Когда она поднялась в полный рост с ребенком на руках, ветерок трепал подол ее юбки, обрисовывая стройную фигурку, и поигрывал медными кудряшками ее прически. Он не мог слышать, что она говорила своему сыну — его сыну. Но он видел, как ребенок счастливо засмеялся, когда Джапоника потерлась носом о его нос. И эта сцена пробудила в его душе нечто большее, чем просто похоть. Она пробудила в нем желание стать частью этой сцены, частью ИХ ЖИЗНИ.

И это утвердило его в уверенности, что в этой женщине есть все, что он хотел бы видеть в леди.

Но был ли он сам тем мужчиной, которого она заслуживает? Он уехал из Крез-Холла в последний день декабря, сильно сомневаясь в том, что станет хорошим супругом для Джапоники и хорошим отцом для их совместного ребенка.

Он даже не очень представлял себе, что за человек Джапоника Эббот, пока не получил письмо от Лорел. И это письмо дало ему ключ к разгадке. Написанное ради того, чтобы посеять раздор и смуту, это письмо спасло его, уберегло от роковой ошибки в суждении.

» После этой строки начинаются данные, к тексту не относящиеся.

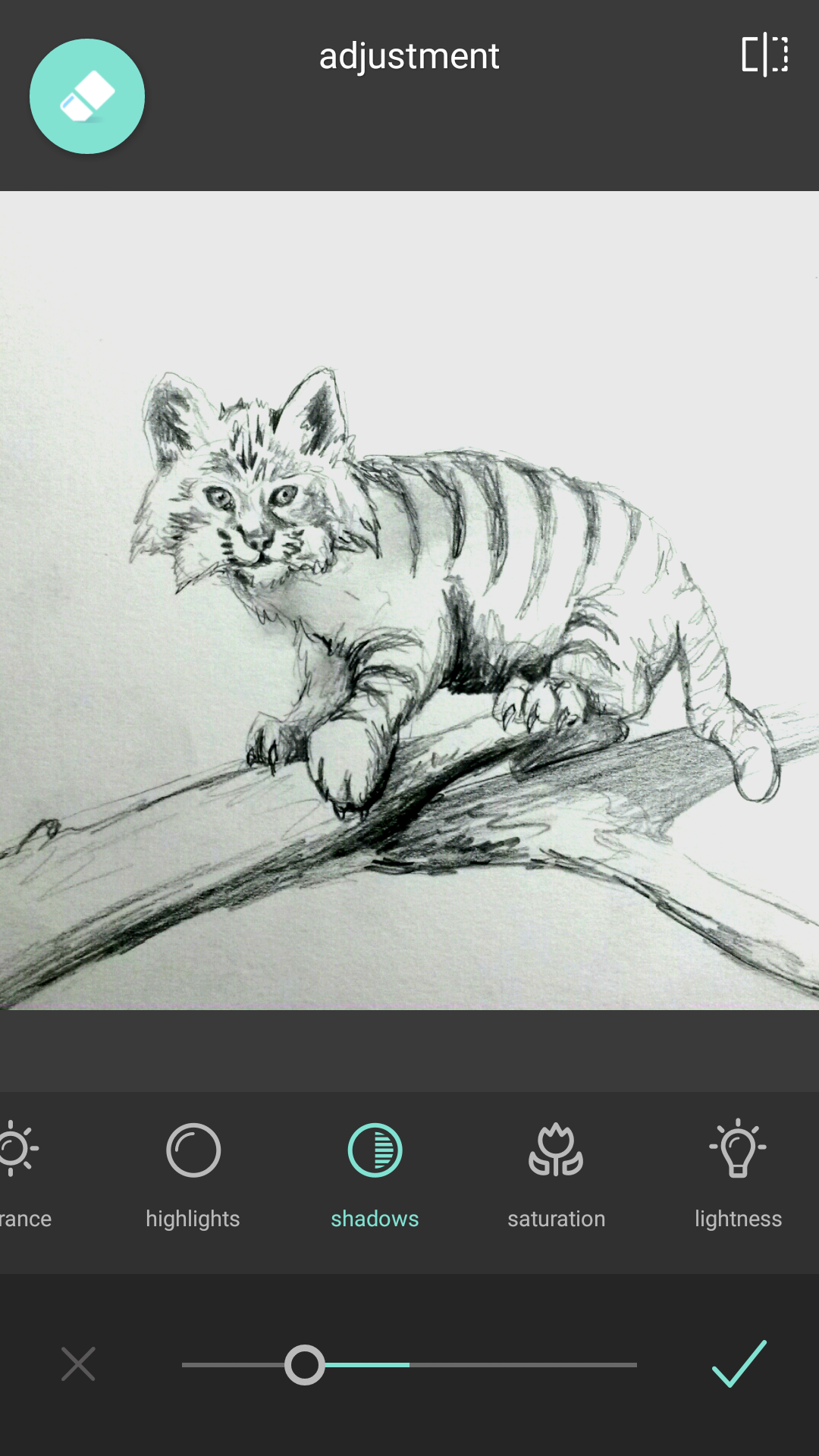 Okay now see that double circle second to left on the bottom? That is where all your standard image adjustments are that you expect in photoshop like apps. Under “adjustment” you will find the usual contrast, highlight, saturation, vibrance, saturation, exposure, etc. So first I turn the shadow dial left into the negative and the highlight to the right to positives. This widens the shading curve that was most likely minimized by your picture being taken on a phone in less than ideal lighting. I also play with contrast a little but you have to be careful here because this app likes to blow out detail quickly and you end up with over exposed images. So when you made all your adjustments hit the check mark on the right to save all the adjustments you just made.

Поездка в Португалию, которую он предпринял, чтобы привезти ребенка, виделась ему только как первое звено в цепи поступков, призванных загладить свою вину перед виконтессой. Затем он собирался поведать ей о своих чувствах. После того, как показал бы ей письмо от лорда Эббота. Но она не захотела его слушать, и он не мог ее за это винить. В тот вечер, когда она ждала его, чтобы вместе пойти в оперу, он забыл о ней, предаваясь постыдному самобичеванию, перешедшему в не менее постыдную жалость к себе. А потом ему стало стыдно, и он не нашел в себе мужества для того, чтобы хотя бы отправить ей записку с извинениями. Да, он заслуживал ее презрения. Девлин оставался в Крез-Холле до тридцать первого декабря, глупо надеясь на то, что Джапоника захочет с ним поговорить и сообщит об этом. Но прошло три месяца, а она ни словом, ни поступком не дала ему понять, что хочет его видеть.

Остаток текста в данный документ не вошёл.